-- Records shown --
::::::

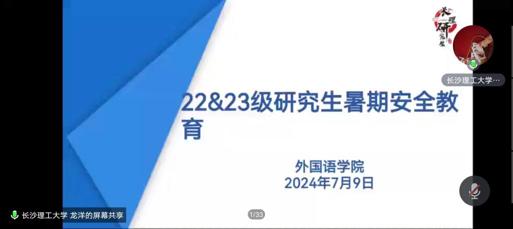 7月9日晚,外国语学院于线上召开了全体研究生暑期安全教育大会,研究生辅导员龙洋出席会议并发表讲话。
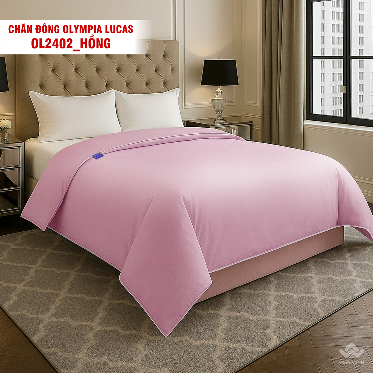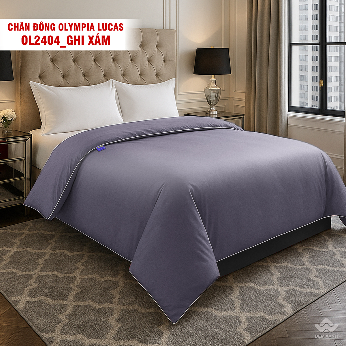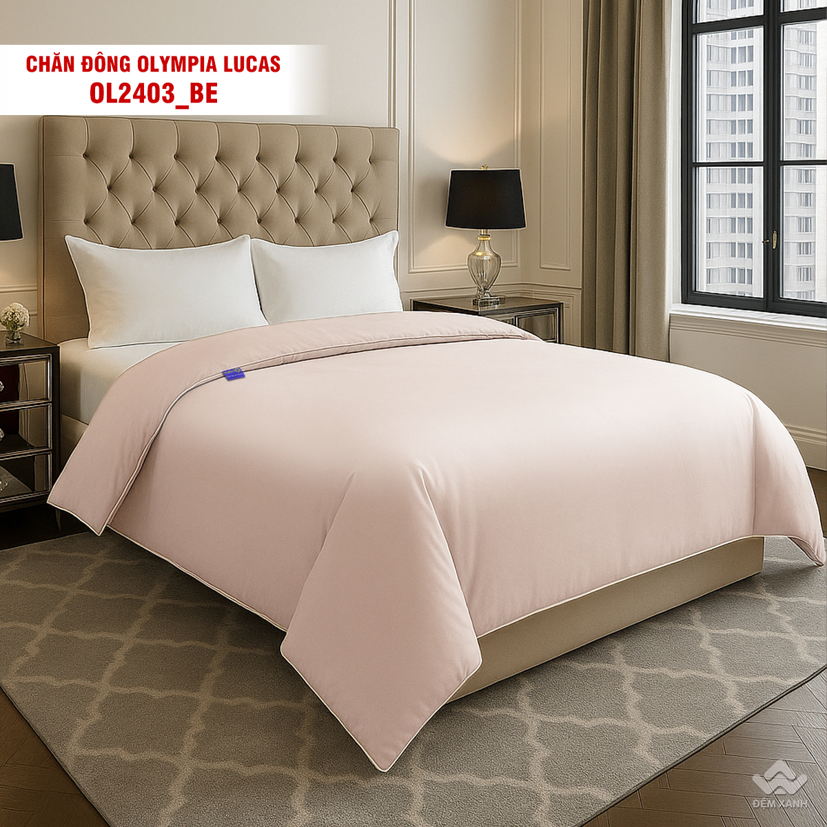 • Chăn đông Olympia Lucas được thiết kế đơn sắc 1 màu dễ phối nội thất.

::::::

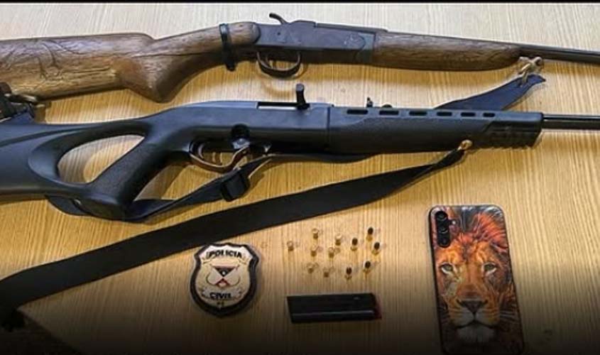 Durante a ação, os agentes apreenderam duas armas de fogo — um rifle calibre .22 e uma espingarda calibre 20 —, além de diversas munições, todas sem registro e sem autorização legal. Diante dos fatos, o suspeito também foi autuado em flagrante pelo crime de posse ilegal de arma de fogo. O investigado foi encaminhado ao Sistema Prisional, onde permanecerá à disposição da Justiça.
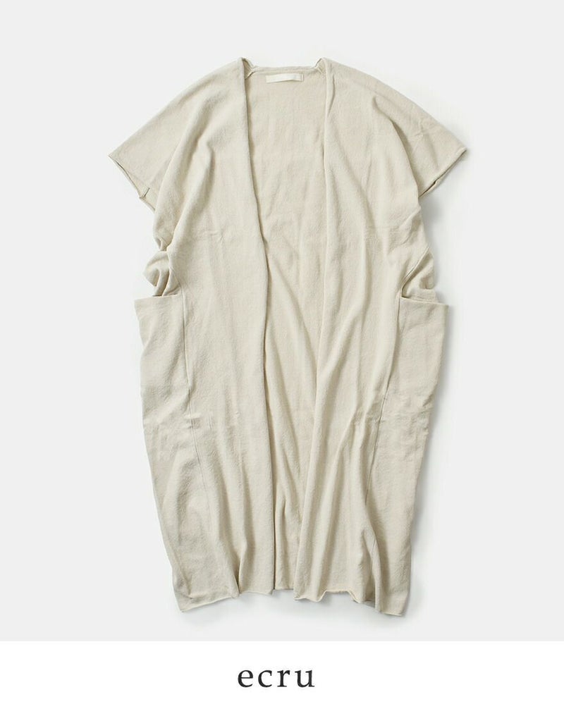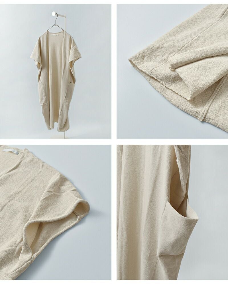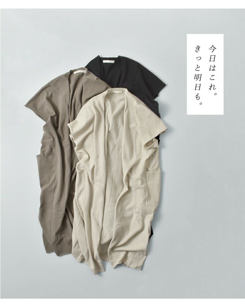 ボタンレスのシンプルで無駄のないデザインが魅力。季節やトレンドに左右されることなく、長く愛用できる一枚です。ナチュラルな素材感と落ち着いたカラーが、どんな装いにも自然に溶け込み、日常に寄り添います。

::::::

-- Problem details --
What you need to produce is an exact copy of the entries above, limited to the lines from the one with "7月9日晚,外国语学院于线上" up to and including the one with "phối nội thất.", without pictures.

-- Task output --
 7月9日晚,外国语学院于线上召开了全体研究生暑期安全教育大会,研究生辅导员龙洋出席会议并发表讲话。
 • Chăn đông Olympia Lucas được thiết kế đơn sắc 1 màu dễ phối nội thất.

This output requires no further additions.